[Start of section]

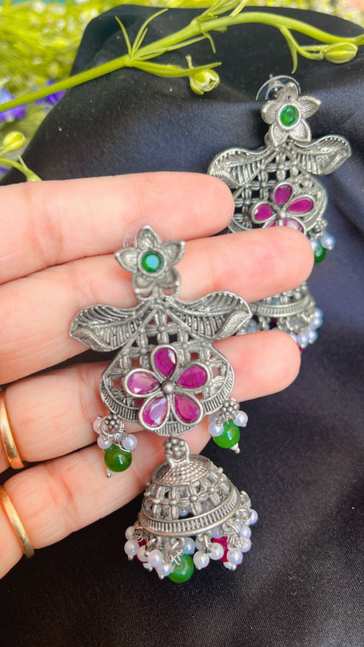 STYLE GUIDE :Oxidised earrings have a unique, rustic appearance that sets them apart from traditional polished metal jewellery. Despite their vintage appearance, oxidised earrings can be remarkably versatile. They can complement a wide range of styles, from bohemian and casual to formal and ethnic, making them suitable for various occasions.
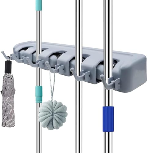 Generic - حامل مساحة موب ومقشة منظم بحامل يثبت على الحائط يوفر التخزين للمطبخ والحديقة والجراج والمكاتب مزود بخمس فتحات وستة خطافات سيليكون رمادي
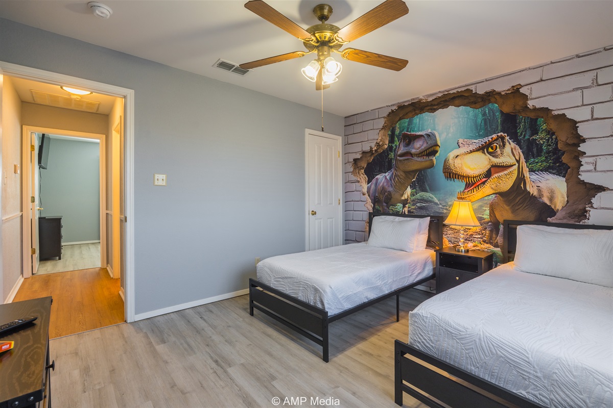 Step into adventure at Raptor Ridge, a uniquely themed 3-bedroom home in Abilene, Texas that brings prehistoric wonder to modern comfort. Perfect for families seeking an unforgettable stay, this explorer's paradise combines playful dinosaur decor with all the amenities you need for a relaxing getaway.

[End of section]

### WHAT IS NEEDED
Reproduce the final stretch of lines exactly: the line containing "Generic - حامل" through the last line of the data, both included. Pictures do not belong in the copy.

### ANSWER BELOW
 Generic - حامل مساحة موب ومقشة منظم بحامل يثبت على الحائط يوفر التخزين للمطبخ والحديقة والجراج والمكاتب مزود بخمس فتحات وستة خطافات سيليكون رمادي
 Step into adventure at Raptor Ridge, a uniquely themed 3-bedroom home in Abilene, Texas that brings prehistoric wonder to modern comfort. Perfect for families seeking an unforgettable stay, this explorer's paradise combines playful dinosaur decor with all the amenities you need for a relaxing getaway.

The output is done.